ABOUT THIS EXERCISE: For the entries below, copy exactly the line that contains "Sehr schönes elegantes" through the line that contains "เหรียญโล่ห์เมตตา เนื้อเงิน ตอกโค้ต(นิยม)", both ends included, and exclude all pictures.

[Records contained in a dataset]
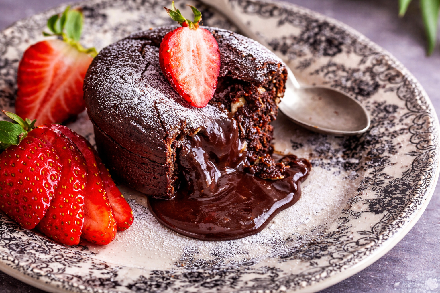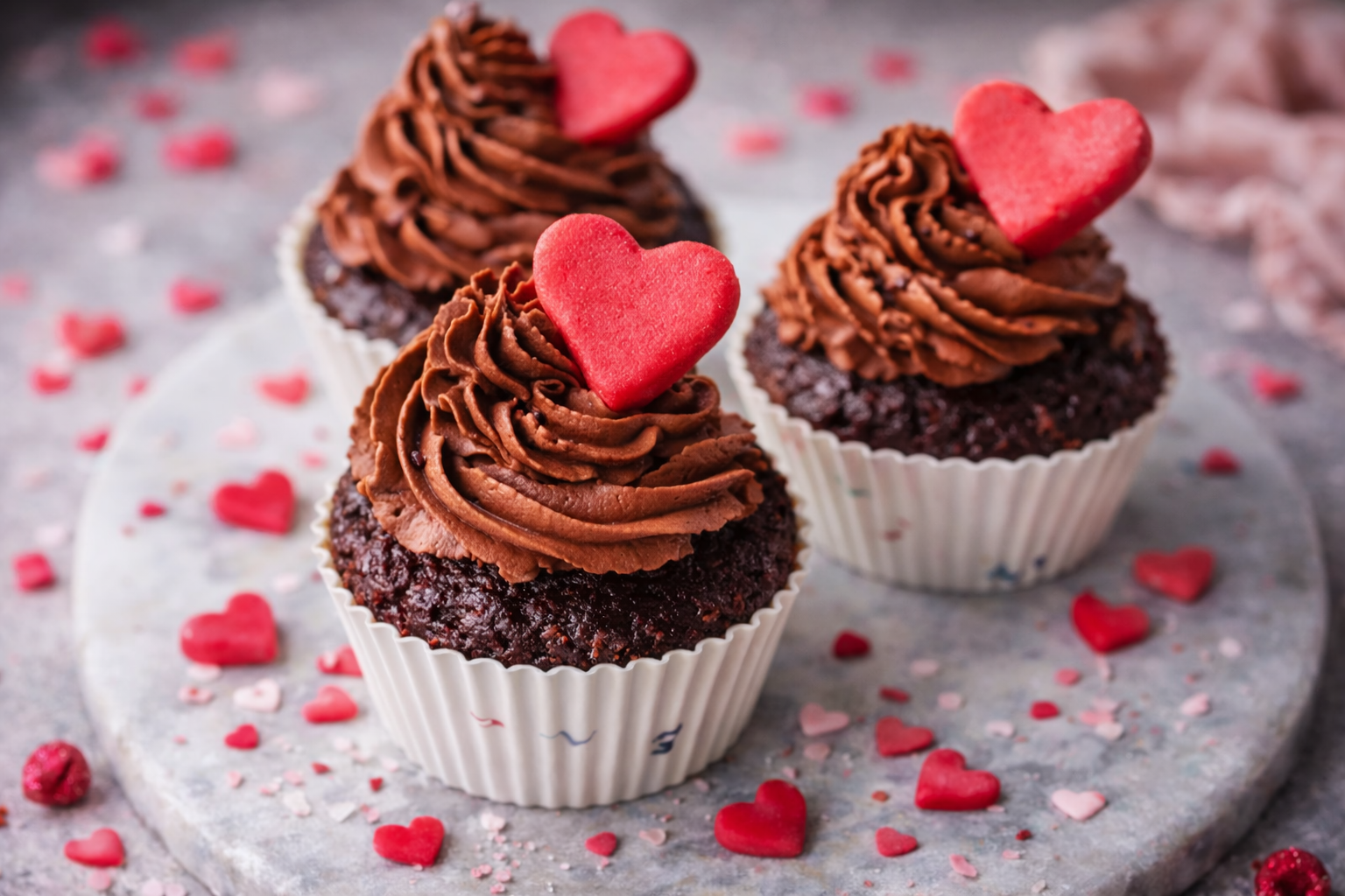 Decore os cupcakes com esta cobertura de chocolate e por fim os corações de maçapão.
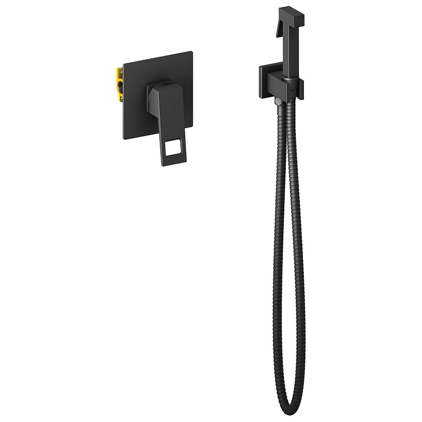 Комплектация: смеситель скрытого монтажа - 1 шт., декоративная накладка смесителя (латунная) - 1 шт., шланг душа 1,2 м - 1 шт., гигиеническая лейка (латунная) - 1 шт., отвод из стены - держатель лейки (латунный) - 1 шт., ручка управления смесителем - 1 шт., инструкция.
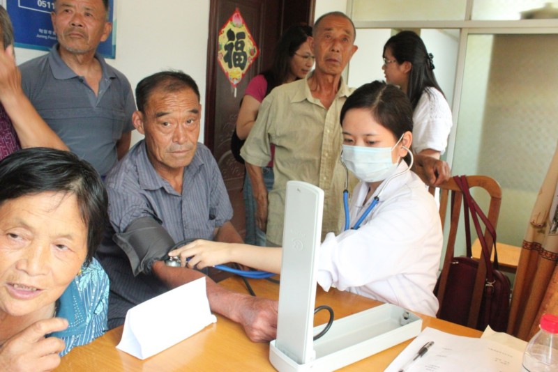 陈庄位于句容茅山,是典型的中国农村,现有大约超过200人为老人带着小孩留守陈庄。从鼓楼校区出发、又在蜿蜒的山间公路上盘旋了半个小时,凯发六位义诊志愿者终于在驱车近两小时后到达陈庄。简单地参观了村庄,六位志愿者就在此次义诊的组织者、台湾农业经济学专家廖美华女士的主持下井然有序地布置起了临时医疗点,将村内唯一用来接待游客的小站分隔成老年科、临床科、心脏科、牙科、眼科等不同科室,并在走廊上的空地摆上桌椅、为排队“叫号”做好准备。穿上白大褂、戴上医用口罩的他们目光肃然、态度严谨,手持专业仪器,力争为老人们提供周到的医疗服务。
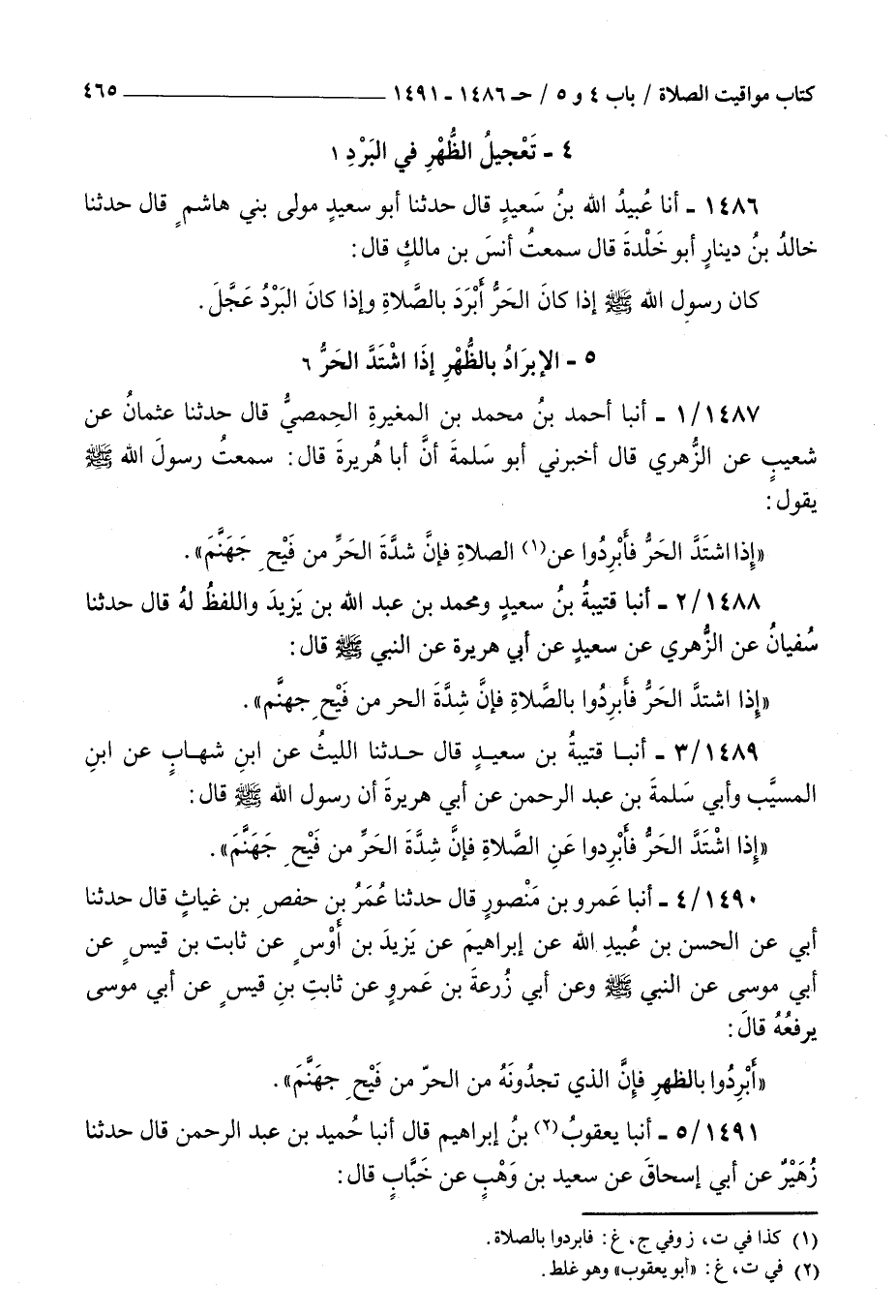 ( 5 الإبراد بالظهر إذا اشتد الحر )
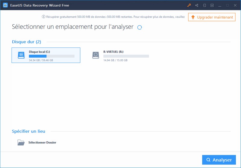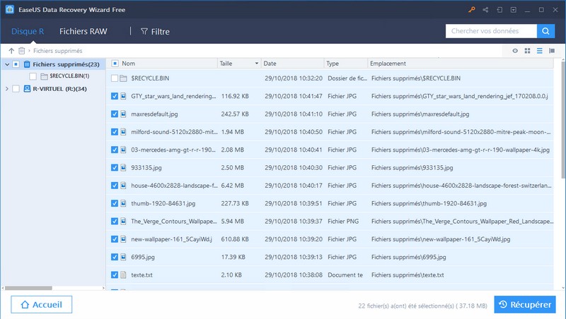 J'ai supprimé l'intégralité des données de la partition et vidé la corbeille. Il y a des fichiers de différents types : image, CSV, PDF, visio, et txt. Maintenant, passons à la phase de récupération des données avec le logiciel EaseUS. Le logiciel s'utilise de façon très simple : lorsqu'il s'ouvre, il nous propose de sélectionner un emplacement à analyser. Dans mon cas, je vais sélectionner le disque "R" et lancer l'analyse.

...

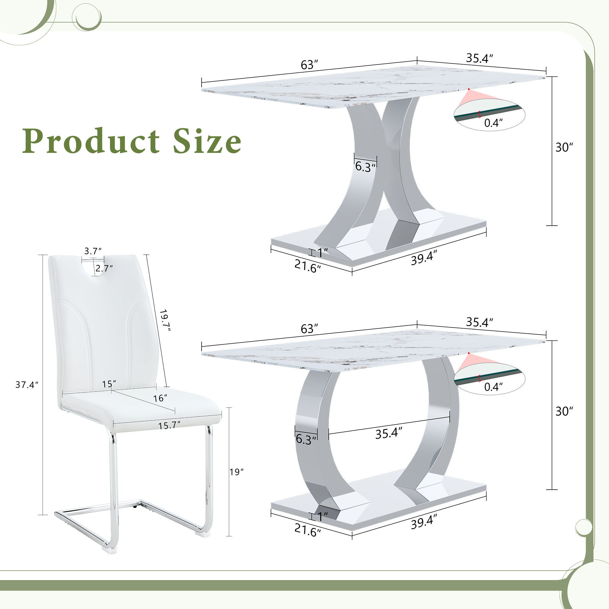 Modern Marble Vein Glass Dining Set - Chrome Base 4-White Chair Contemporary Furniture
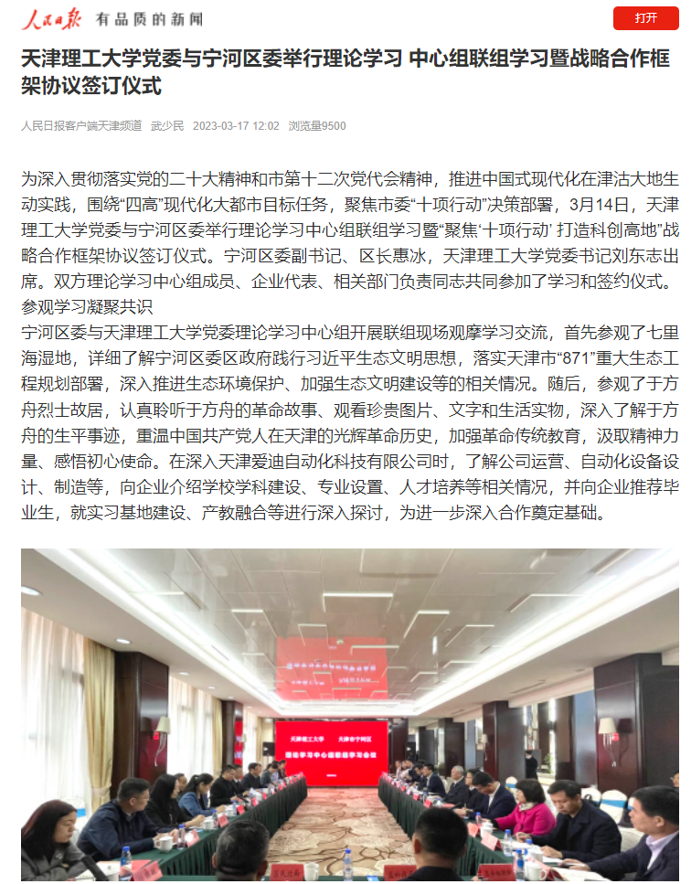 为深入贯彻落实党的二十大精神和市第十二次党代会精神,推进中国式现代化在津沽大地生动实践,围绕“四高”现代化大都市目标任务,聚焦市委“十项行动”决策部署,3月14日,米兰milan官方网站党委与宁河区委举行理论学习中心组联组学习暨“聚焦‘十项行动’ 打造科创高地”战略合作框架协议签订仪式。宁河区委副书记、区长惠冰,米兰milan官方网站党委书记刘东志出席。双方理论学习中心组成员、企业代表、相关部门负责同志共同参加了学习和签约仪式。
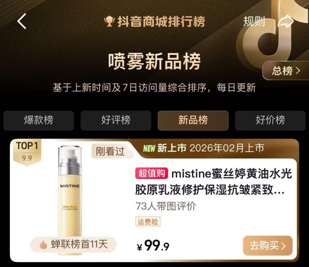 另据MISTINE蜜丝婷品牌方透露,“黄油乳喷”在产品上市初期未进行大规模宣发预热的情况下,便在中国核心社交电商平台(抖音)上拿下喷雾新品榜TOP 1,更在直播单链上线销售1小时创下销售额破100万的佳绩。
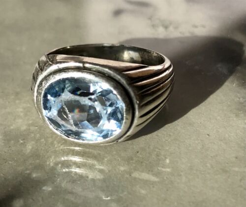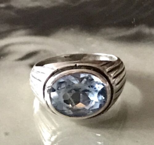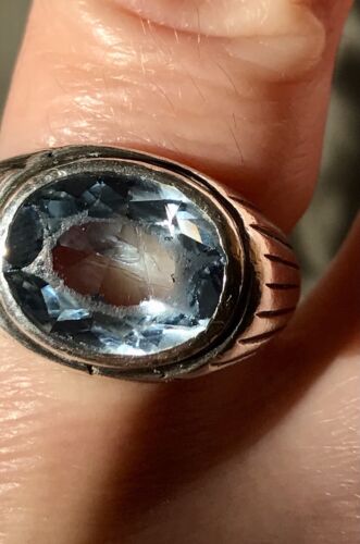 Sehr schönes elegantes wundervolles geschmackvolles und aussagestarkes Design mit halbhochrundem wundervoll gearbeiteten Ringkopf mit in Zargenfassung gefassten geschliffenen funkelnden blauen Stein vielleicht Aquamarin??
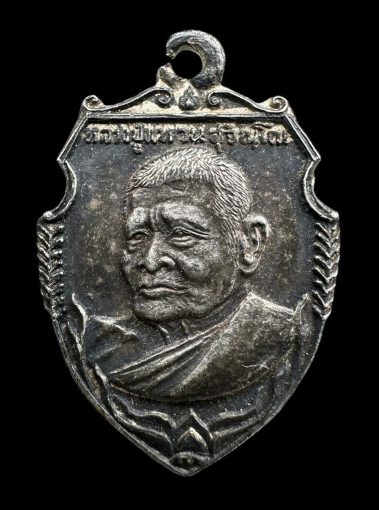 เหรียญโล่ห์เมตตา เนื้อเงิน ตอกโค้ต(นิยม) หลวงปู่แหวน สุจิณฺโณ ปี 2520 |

--

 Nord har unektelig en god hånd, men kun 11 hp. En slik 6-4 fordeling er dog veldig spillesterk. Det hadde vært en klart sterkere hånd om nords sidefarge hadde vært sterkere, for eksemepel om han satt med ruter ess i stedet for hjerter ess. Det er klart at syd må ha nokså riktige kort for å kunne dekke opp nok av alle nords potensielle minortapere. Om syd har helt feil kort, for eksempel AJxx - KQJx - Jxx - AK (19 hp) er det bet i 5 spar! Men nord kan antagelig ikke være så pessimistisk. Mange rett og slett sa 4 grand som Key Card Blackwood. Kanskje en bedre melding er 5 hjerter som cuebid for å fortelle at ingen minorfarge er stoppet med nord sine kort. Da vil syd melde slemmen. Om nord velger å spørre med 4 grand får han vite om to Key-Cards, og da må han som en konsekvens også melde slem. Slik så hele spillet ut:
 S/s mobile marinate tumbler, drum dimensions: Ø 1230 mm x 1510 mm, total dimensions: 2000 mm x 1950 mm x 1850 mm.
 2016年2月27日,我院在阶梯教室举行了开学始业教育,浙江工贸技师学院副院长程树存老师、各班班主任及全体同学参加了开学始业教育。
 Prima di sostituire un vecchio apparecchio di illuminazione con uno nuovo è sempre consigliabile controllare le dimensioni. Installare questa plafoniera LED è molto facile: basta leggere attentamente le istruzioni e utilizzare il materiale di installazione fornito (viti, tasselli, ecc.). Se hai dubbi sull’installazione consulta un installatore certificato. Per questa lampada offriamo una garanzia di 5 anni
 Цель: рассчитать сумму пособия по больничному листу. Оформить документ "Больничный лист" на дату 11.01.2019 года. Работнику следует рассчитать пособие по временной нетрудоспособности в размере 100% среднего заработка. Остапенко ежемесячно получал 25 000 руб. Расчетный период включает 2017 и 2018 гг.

REPLY TO THE TASK:
 Sehr schönes elegantes wundervolles geschmackvolles und aussagestarkes Design mit halbhochrundem wundervoll gearbeiteten Ringkopf mit in Zargenfassung gefassten geschliffenen funkelnden blauen Stein vielleicht Aquamarin??
 เหรียญโล่ห์เมตตา เนื้อเงิน ตอกโค้ต(นิยม) หลวงปู่แหวน สุจิณฺโณ ปี 2520 |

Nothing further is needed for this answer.